Now, perform the actual analysis with:

do_dssp -s md.tpr -f traj.xtc

select group "1" (protein), and convert the output to PostScript with:

xpm2ps -f ss.xpm

and view the result with:

gv plot.eps

if "gv" is not installed on your computer, try "xpsview", "ghostview"

or "gs". As can be seen, the secondary structure is rather stable

during the simulation, which is an important validation check of the

simulation procedure (and force-field) used. The next thing to analyse

is the change in the overall size (or gyration radius) of the protein:

g_gyrate -s md.tpr -f traj.xtc

(again, select group "1" for the protein)

xmgrace gyrate.xvg

The analysis shows that the gyration radius fluctuates around a stable

value and does not show any significant drift. Another important check

concerns the behaviour of the protein surface:

g_sas -s md.tpr -f traj.xtc

(again, select group "1" for the protein)

xmgrace -nxy area.xvg

We now see three curves together: black for the hydrophobic accessible

surface, red for the hydrophilic accessible surface, and green for the

total accessible surface.

Question: Is the total

(solvent-accessible) surface constant? Are any hydrophobic groups

exposed during the simulation?

OPTIONAL

You've probably noticed that in the simulation about only ten percent of the

system that was simulated consisted of protein, the rest was water. As we are

mainly interested in the protein's motions and not so much in the surrounding

water, one could ask if we couldn't forget about the water and rather simulate

the protein. That way, we could reach ten times longer simulations with the

same computational effort!

Question: Why do you think that it is

important to include explicit solvent in the simulation of a protein?
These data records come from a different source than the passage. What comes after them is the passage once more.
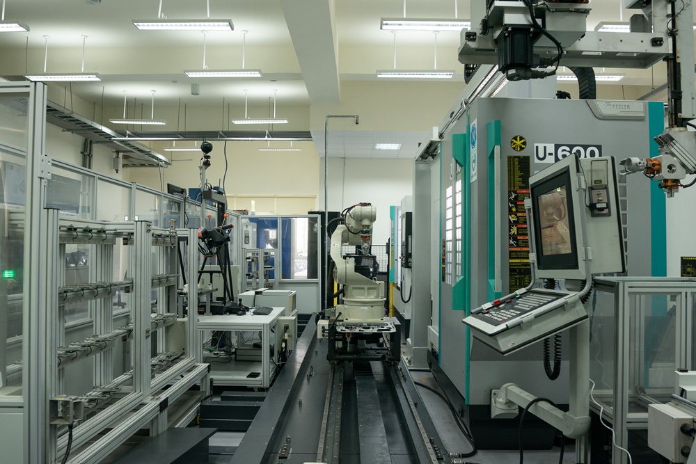 因應產業邁向跨領域及智慧化,虎科大高鐵校區「智慧機械及切削加工實驗廠棚」將於今年揭牌啟用,模擬業界生產線設備,打破傳統單一、僵化的教學模式,引導學生進行整合及體驗式學習。另規畫建置電機整合實驗室,結合工程與電資科系專業,發展自駕光達、高階機械手臂連結無人車代替人工作業、系統聯網等技術,培育智慧跨域創新人才。虎科大並積極推動產學合作,引領學生至產業實習現場,由企業資深員工培育,縮短與業界技術差距,今年更攜手台積電,由台積電訓練中心業師實地教學,共同擴大半導體產業人才庫。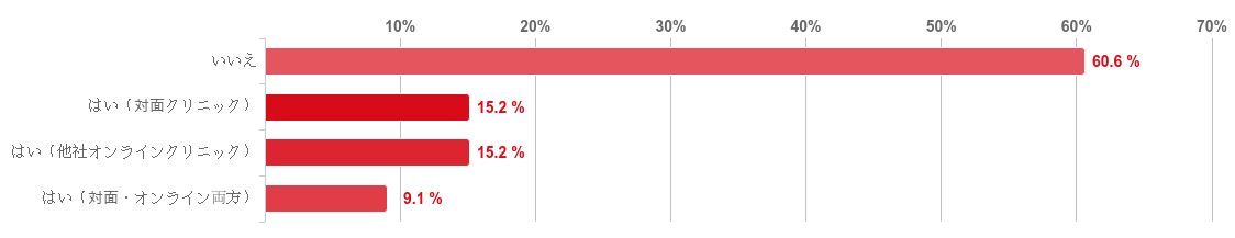 「いいえ」と回答した人が60.6%で最も多く、回答者の6割以上が、初めての利用でDMMオンラインクリニックを選んでいることがわかった。また、「はい」との回答の中では「対面クリニック」と「他社オンラインクリニック」との回答が共に15.2%、「対面・オンライン両方」との回答が9.1%となった。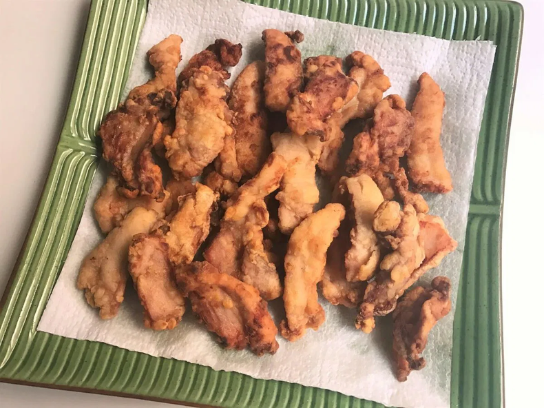 En esta preparación, las piezas de pollo se cubren con una mezcla de harina de trigo, fécula de maíz y un poco de polvo de hornear, logrando así un rebozado ligero y esponjoso que mantiene su crujiente gracias al uso de agua con gas y la técnica de doble fritura.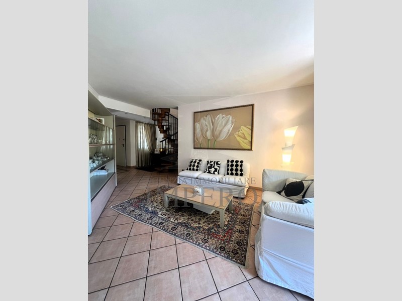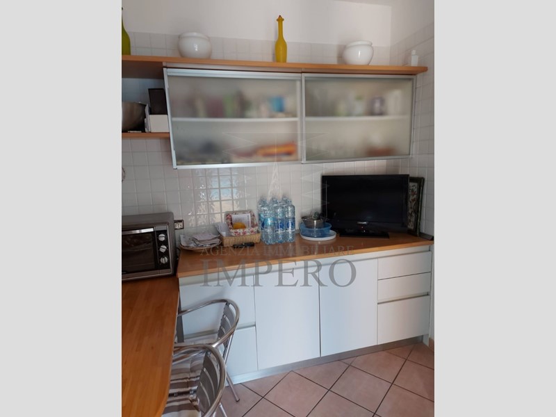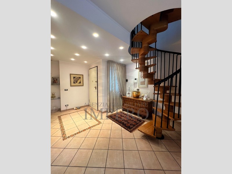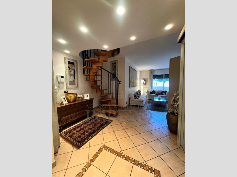 Rif. 22881. Camporosso (IM). In una posizione tranquilla e comoda ai centri commerciali, a pochi passi dal mare, proponiamo un ampio appartamento pentalocale disposto su due livelli, situato al secondo e ultimo piano di un edificio con ascensore. L'immobile è in ottime condizioni interne. Al secondo piano della proprietà troviamo un ingresso spazioso, una cucina abitabile, una sala da pranzo, un soggiorno, una prima camera da letto, un bagno di servizio con doccia e due terrazzi. Una scala a chiocciola conduce al piano superiore, dove si sviluppa la zona notte composta da altre due camere da letto, una delle quali con cabina armadio, un bagno padronale con vasca idromassaggio e altri due terrazzi. Il riscaldamento è autonomo e le spese condominiali sono contenute. Nel prezzo di vendita è incluso un garage di 20 mq, con la possibilità di acquistare separatamente un altro box auto singolo di 15 mq.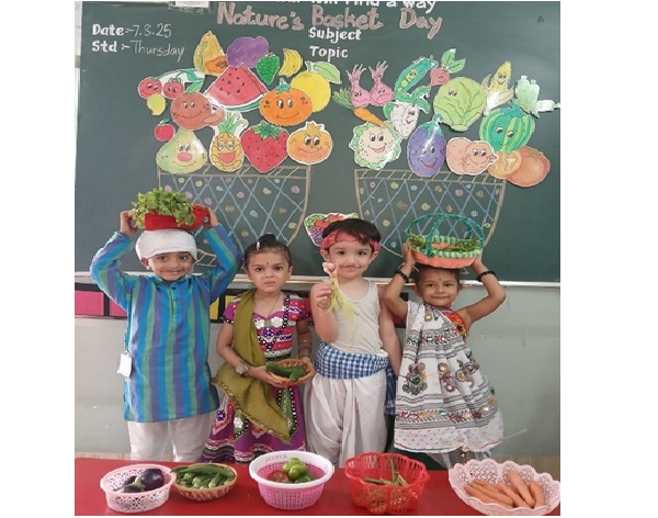 Our kindergarten children celebrated Nature’s Basket Day with excitement and creativity. Dressed up as green grocers and vegetable vendors, the little ones confidently spoke about fruit and vegetable, learning new words and healthy habits. The activity not only enhanced their speaking skills but also gave them awareness about the importance of fruits and vegetables in our daily life. The celebration concluded on a delicious note as the children happily enjoyed a bowl of fresh fruit chaat, making the day both fun and nutritious.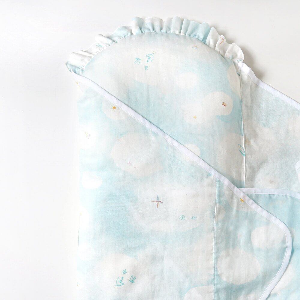 おくるみは、綿のやわらかさを最大限に引き出し、できる限りあまく織り上げたわたガーゼを使用した生地をつかっています。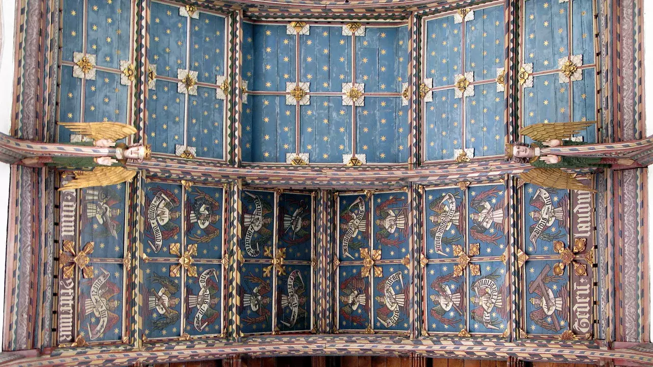 The interior is much of interest, from the 15th to the 20th century. Outstanding are the medieval screens separating the nave and aisles from the chancel and chapels. These retain much of their original colour, and paintings of the Disciples, prophets and angels.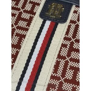 • Mini Tote Bag – Red/cream TH monogram pattern, navy faux leather trim, woven stripe detail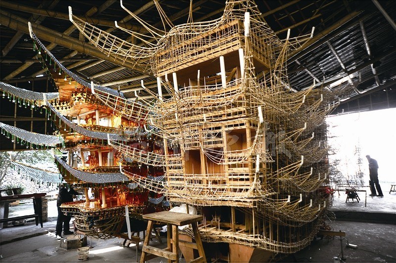 做“首飾龍”的匠人,沒有圖紙,全憑師傅一生的經(jīng)驗(yàn)來規(guī)劃不同船型和運(yùn)動(dòng)方式。林順奎制作的首飾龍身上有大大小小80多個(gè)樓閣、亭臺,濃縮了《封神榜》《西游記》等80多出戲,有近300個(gè)形態(tài)各異、從事各行各業(yè)的古今人物。

To check if your assumption is correct, repeat the simulation of protein G,

this time without solvent (to observe the effect more clearly, increase the

length of the simulation by changing "nsteps" in the file "md.mdp" by e.g. a

factor of ten).

Question: What are the main differences to the

protein's structure and dynamics as compared to the solvent simulation?

(Hint: use programs like g_rms and g_gyrate to analyse both simulations).